- Battle of Sarakhs: Part of the Seljuk-Ghaznavid Wars
| Date | May 1038 |
| Location | Sarakhs |
| Result | Seljuk victory |

Belligerents
- Ghaznavid Empire: Seljuk Turks

Commanders and leaders
- Begtoghdi Subashi: Chaghri Beg Ibrahim Inal Tughril Beg

Strength
- 15,000–25,000^{[citation needed]}: 12,000–15,000^{[citation needed]}

Casualties and losses
- Large amount taken captive: Unknown

= Battle of Sarakhs (1038) =

Battle between the Ghaznavids and Seljuks

The Battle of Sarakhs took place in 1038 between the Seljuk army under the command of Chaghri Beg, Tughril I, and Ibrahim Inal and the Ghaznavid army under the command of Begtoghdi and Subashi. As a result of the battle, the Ghaznavids were defeated.

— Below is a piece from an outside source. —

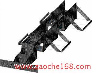 基于此类模型的有限元计算具有建模简便、计算量小的优点,模态计算结果同试验结果比较,具有较好的精度,同时静态强度、刚度计算结果也为车架结构设计提供了理论依据。早期的车架结构计算受CAD 技术和计算规模的限制,多采用梁单元手工建立有限元模型,综述了基于梁杆单元的车架静态计算方法。由于受梁单元本身特点的局限,如无法准确反映纵横梁接头区域的应力分布,且忽略扭转时截面的翘曲变形,随着计算机软硬件技术的发展,目前普遍采用板壳单元建立车架有限元模型,例如较早以板单元为基本单元,同时兼顾规模大小,采用不同尺寸网格对车架结构进行离散。牵引车车架主要结构由Q235A 钢板焊接而成,本文在ProeTM 实体参数化模型的基础上,根据中面位置提取中面模型,在ANSYS 中采用板壳单元shell63 对主要结构进行网格划分,一些起联接作用的槽钢结构,采用了相同截面的梁单元beam188 进行模拟,前桥按照等刚度原则,采用梁单元连接钢板弹簧支撑中节点,车架的板壳梁混合网格模型如图1 所示。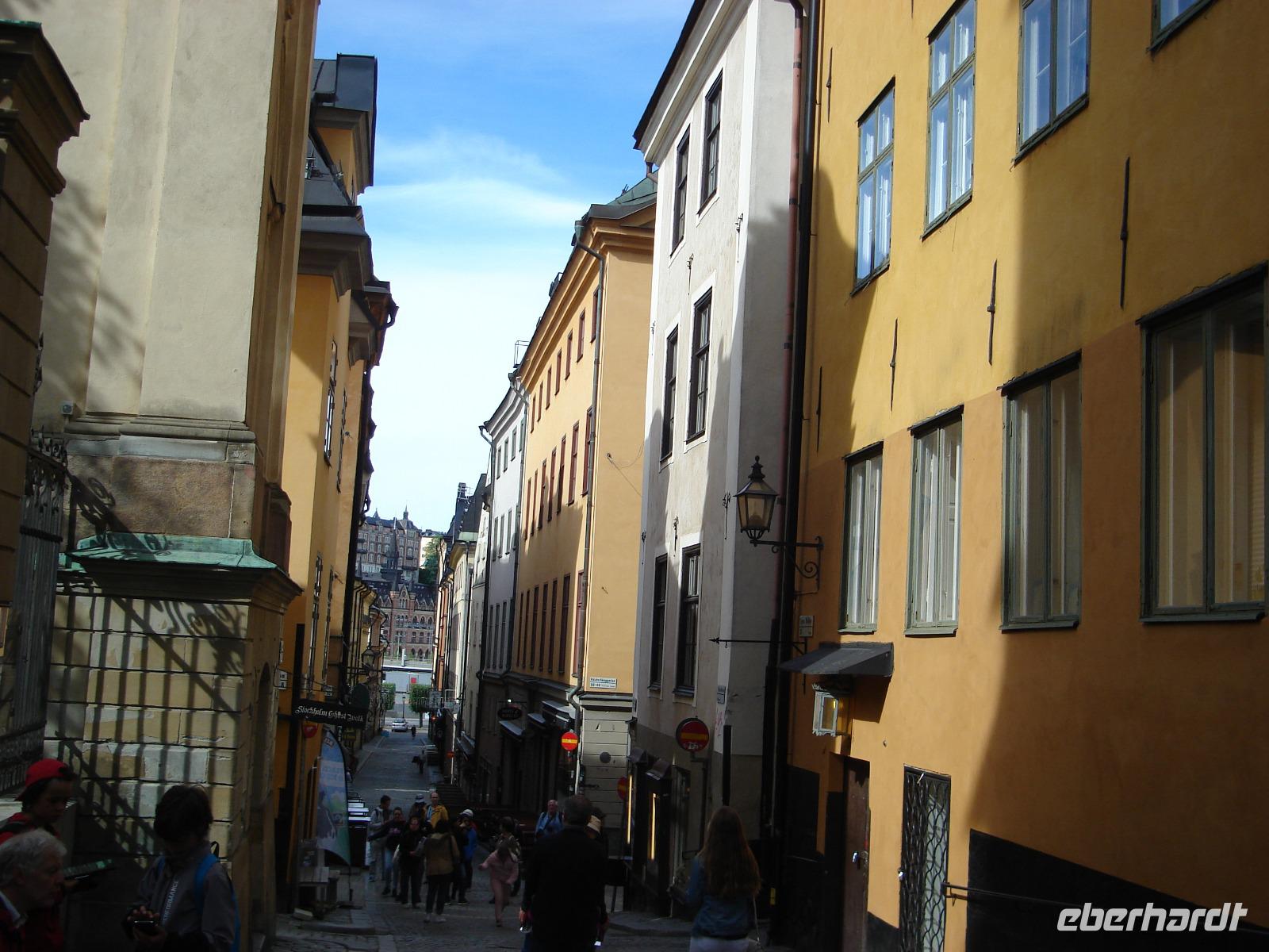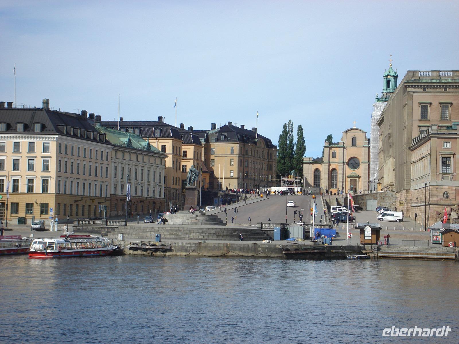 Pünktlich am frühen Morgen kamen wir mit der Fähre aus Finnland im Silja-Hafen von Stockholm an. Wir fuhren mit unserem Bus zum Stadthaus, wo uns unsere örtliche Reiseleiterin Alexa schnell fand. Wir waren sogar vorfristig am Treffpunkt, denn sonnabends um diese Zeit sind die Straßen auch in Stockholm leer. So hatten wir eine wirklich ausführliche Rundfahrt mit anschließendem Rundgang. Wir sahen die Südinsel mit Ausblicken auf die Stadt. Dann ging es nach Djurgarden auf die Museumsinsel, weiter vorbei an zahlreichen Botschaften auf Östermalm, und schließlich durch das Geschäftsviertel Norrmalm nach Gamla Stan, der Schlossinsel. Wir erfuhren viel über die schwedische Geschichte und auch über die Gegenwart. Es gab ausreichend Zeit, Fragen zu stellen und zu beantworten. Das Schloss und seine Museen, der Hafen, das Nobel-Museum und auch die Geschichte Alfred Nobels und seiner Stiftung sind interessante Themen, denen wir uns zuwandten. Aber auch die engen Gassen der Altstadt mit schönen Häusern aus dem 17. Jh. zogen uns in ihren Bann. Wir sahen um 10 Uhr die kleine Wachablösung im Schloss. Anschließend nutzten wir die Freizeit für eigene Erkundungen. Die schöne Lage der Innenstadt lädt förmlich zum Bummeln ein.

When the Ghaznavid sultan Mahmhud returned from India he blamed his general Subashi for events that had occurred during his absence. He ordered Subashi to march against the Seljuks with his army and wage a battle against them.

Subashi marched against the Seljuks. Once the Seljuks had heard of his advance they decided to confront the Ghaznavid army. The two armies met in a day long fight at Sarakhs during which the Tughril Beg and Chaghri Beg inflicted a major defeat against the Ghaznavid general Subashi. The Seljuks captured a large amount of booty and captives. This victory gave the Seljuks complete control over Khorasan.